Seorang aktris papan atas terkenal yang dikaruniai
kecantikan memukau serta kemampuan akting luar biasa, dan terus aktif di garis
depan dunia hiburan selama lebih dari 20 tahun.
Dia adalah aktris kenamaan yang tidak ada seorang pun
di dunia ini tidak mengenalnya.
Tidak ada hari tanpa melihatnya di sudut jalan,
internet, atau televisi, dan rumor skandal asmaranya yang beredar sudah tak
terhitung lagi, selalu menjadi pusat perhatian.

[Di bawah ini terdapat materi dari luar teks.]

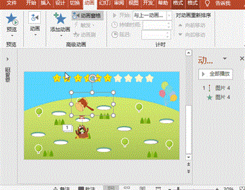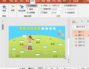 选择地鼠,执行“动画”菜单-“添加动画”-“其他动作路径”之“向下”,按Shift键向下调整起点、终点位置,使地鼠的身体遁入洞穴,“动画窗格”框中,效果标签中设置平滑开始和平滑结束均为0,计时标签中设置开始为“上一动画同时”、延迟为0秒、期间为0.5秒;执行“动画”菜单-“添加动画”-“进入”之“擦除”,设置开始为“上一动画同时”、延迟为0秒、期间为0.5秒、“效果选项”为“自底部”;
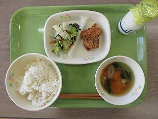 具だくさんみそ汁は、だいこん、にんじん、じゃがいも、ごぼう、こんにゃく、小松菜を、2種類の味噌や煮干しで味をつけた汁に入れて作られました。野菜がたくさん入っているので、さまざまな栄養をバランスよくとることができました。特に、じゃがいもはホクホクとしており食べ応えがありました。
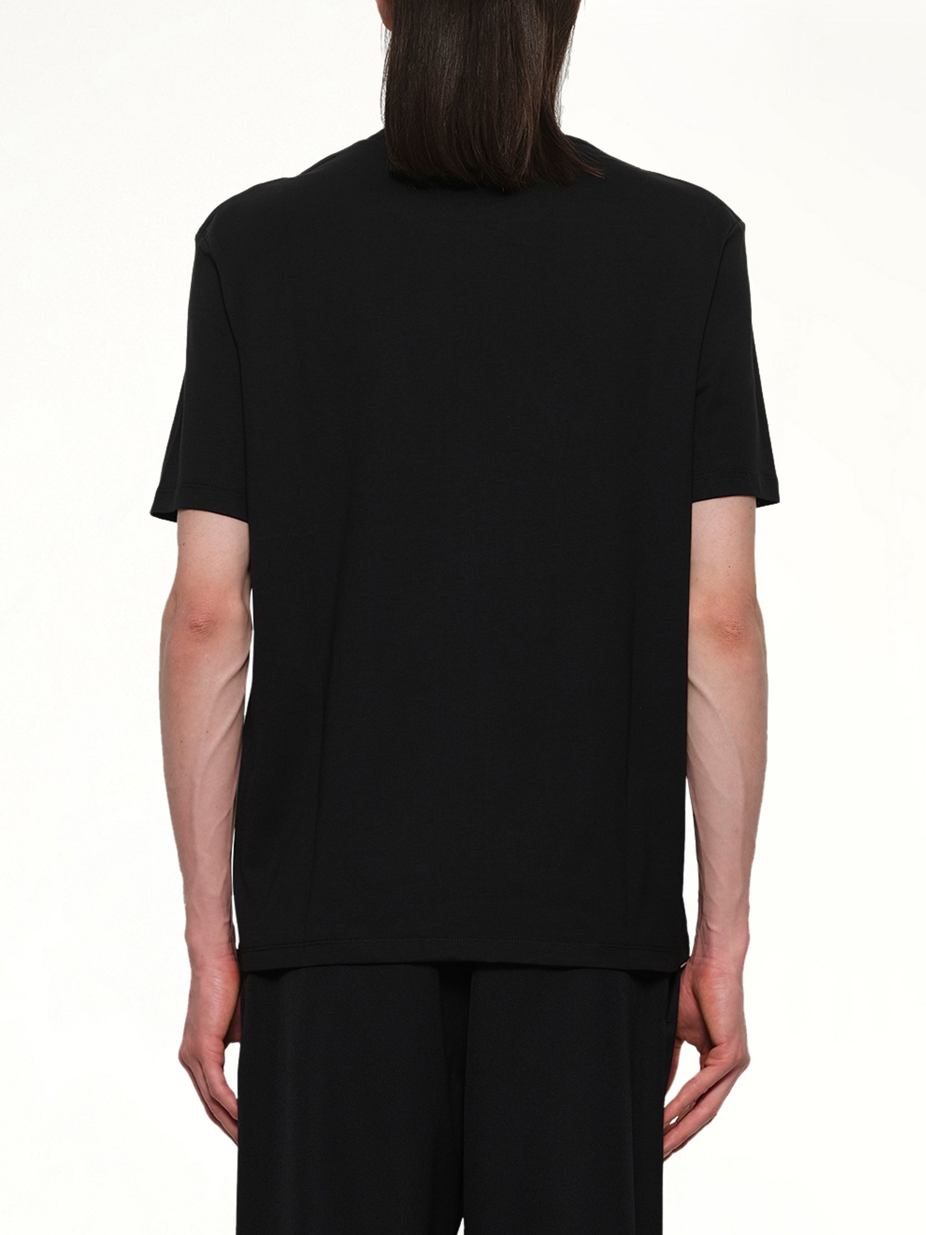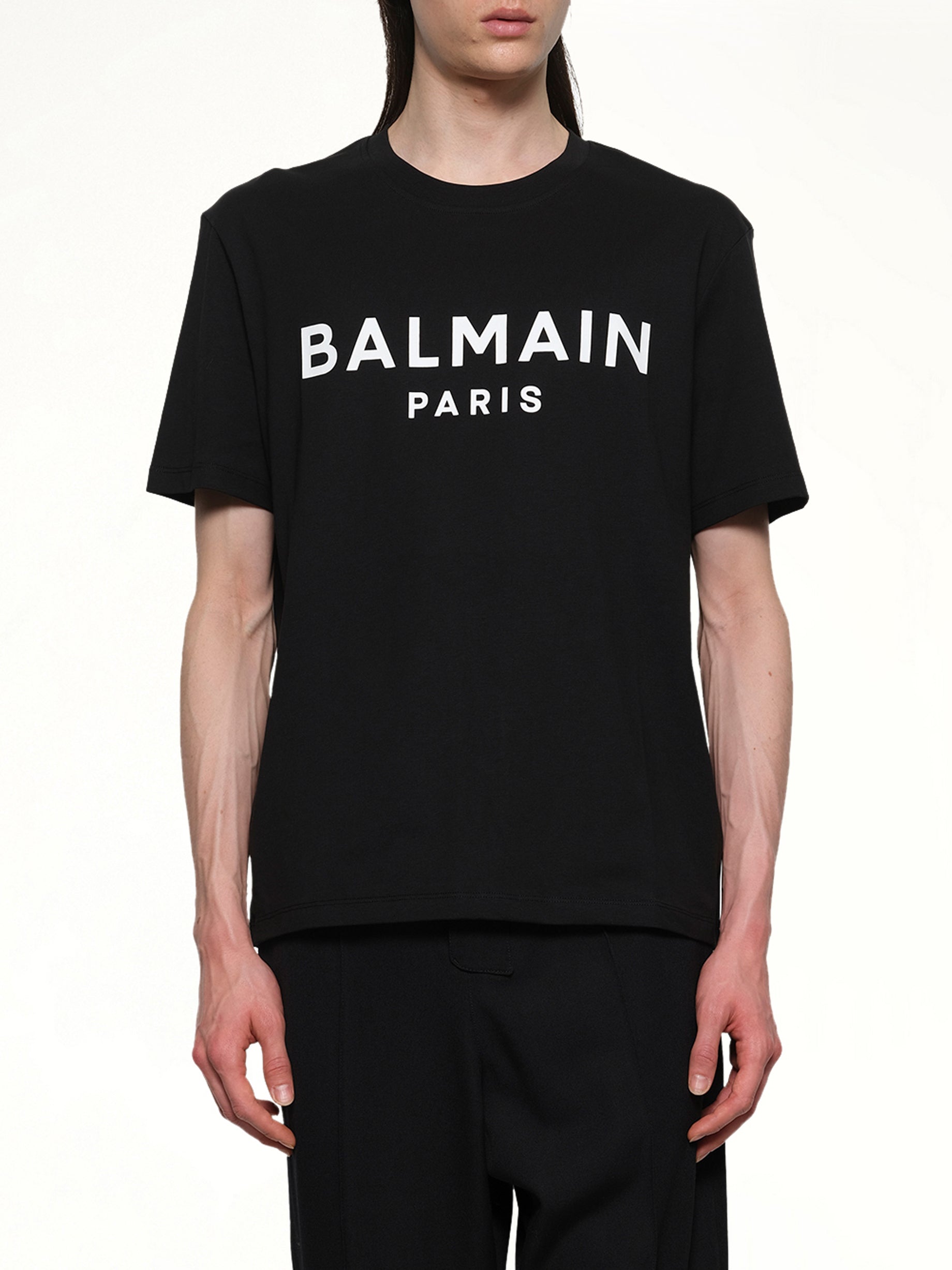 Classic short sleeves T-shirt is made from soft cotton jersey knit fabric and features in black/white colour scheme with a bold logo print on the front. The crew neck, short sleeves, and straight hem give the shirt a classic and versatile look that can be dressed up or down.
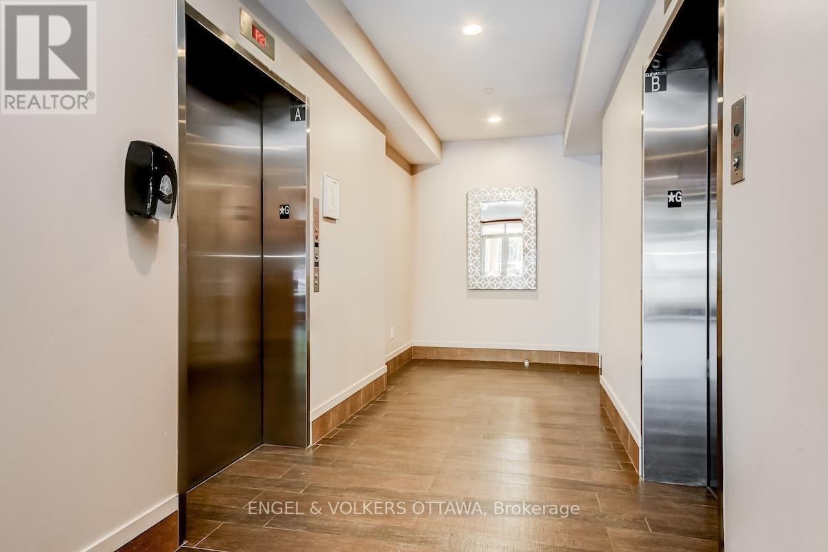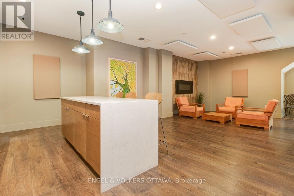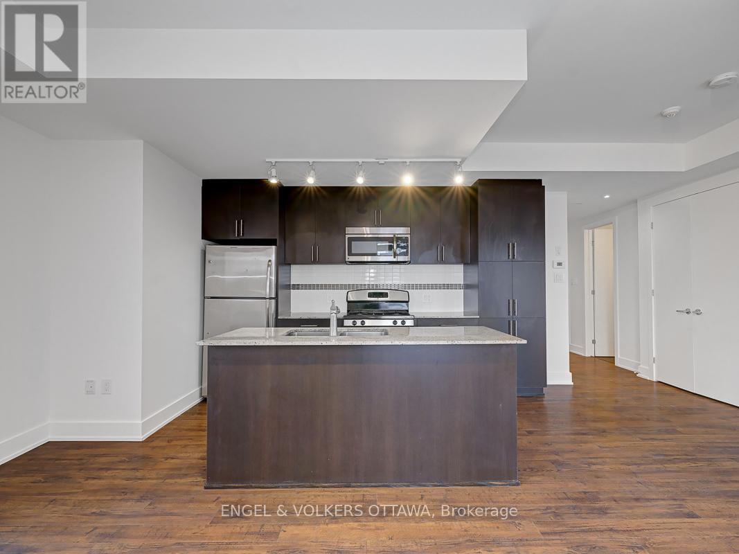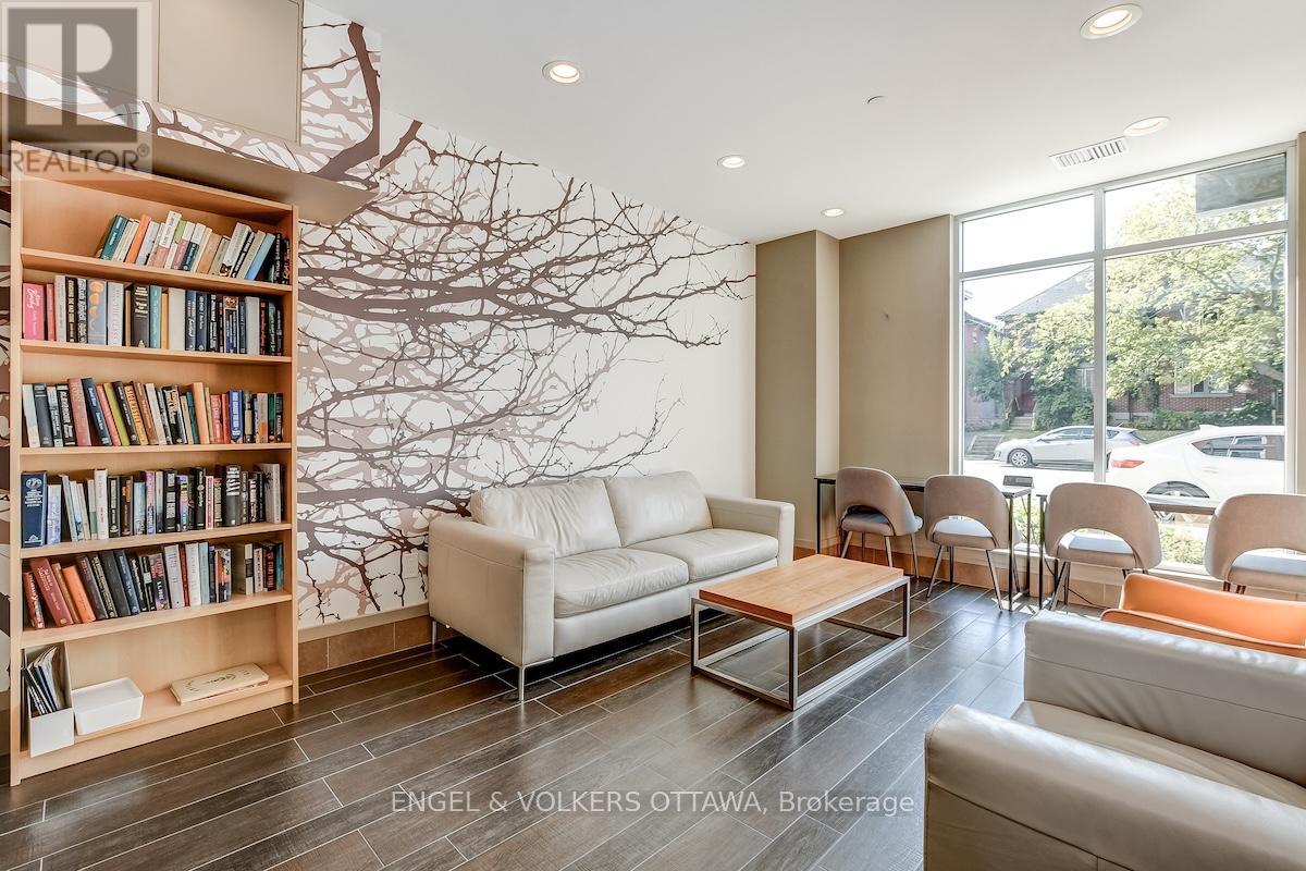 $840 MonthlyLeed certified building in excellent location.Walk to great shops and restaurants. Transit at the front door. Dark stained wood laminate floors, stainless steel appliances, Garage parking and locker. Roof terrace, party room, meeting room, guest suite, gym and garden area. Listing agent related to sellers. Some photos virtually staged. Super condo in a great neighbourhood. Look out to top of trees. Small balcony, Parking space: P2 #42, Locker: P2 #21. Heat pump to be replaced by Condo Corporation in April 2026. Consideration for EV charging is being undertaken by the Board of Directors. (id:49712)
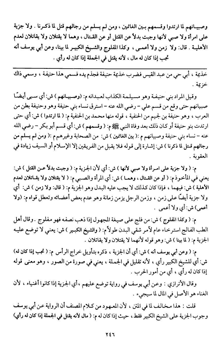 قلت: هذا مخالف لما في المتن، لأن المعهود من كلام المصنف أن الرواية عن أبي يوسف وجوب الجزية على الشيخ الكبير فقط، حيث إذا كان له م: (مال لأنه يقتل في الجملة إذا كان له رأي)
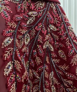 فستان أنيق أنيق عنابي فاخر فريد بدون أكتاف (سترابلس)، يتميز بقصة صدر مطرزة بتفاصيل فاخرة من الخرز والترتر البراق على أوراق متداخلة بالكامل وغير من الفخامة
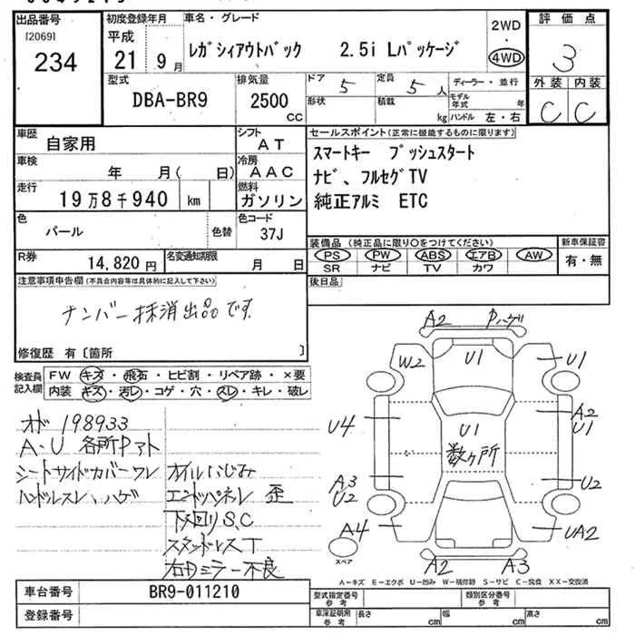 Subaru LEGACY OUTBACK с аукциона Японии JU Niigata лот № 234

Meskipun beberapa kali diterpa skandal
perselingkuhan, kasus kekerasan, dan masalah keuangan, dia memiliki ketangguhan
untuk menepis semua itu dan mempertahankan popularitasnya.
Di balik eksistensinya yang menonjol sebagai aktris
dan model, kehidupan pribadinya hampir tidak pernah terekspos, yang justru
semakin memperkuat pesona misteriusnya.
Kecantikan yang penuh misteri, aktris berbakat.
Itulah citra Takura Mao yang diakui oleh masyarakat umum.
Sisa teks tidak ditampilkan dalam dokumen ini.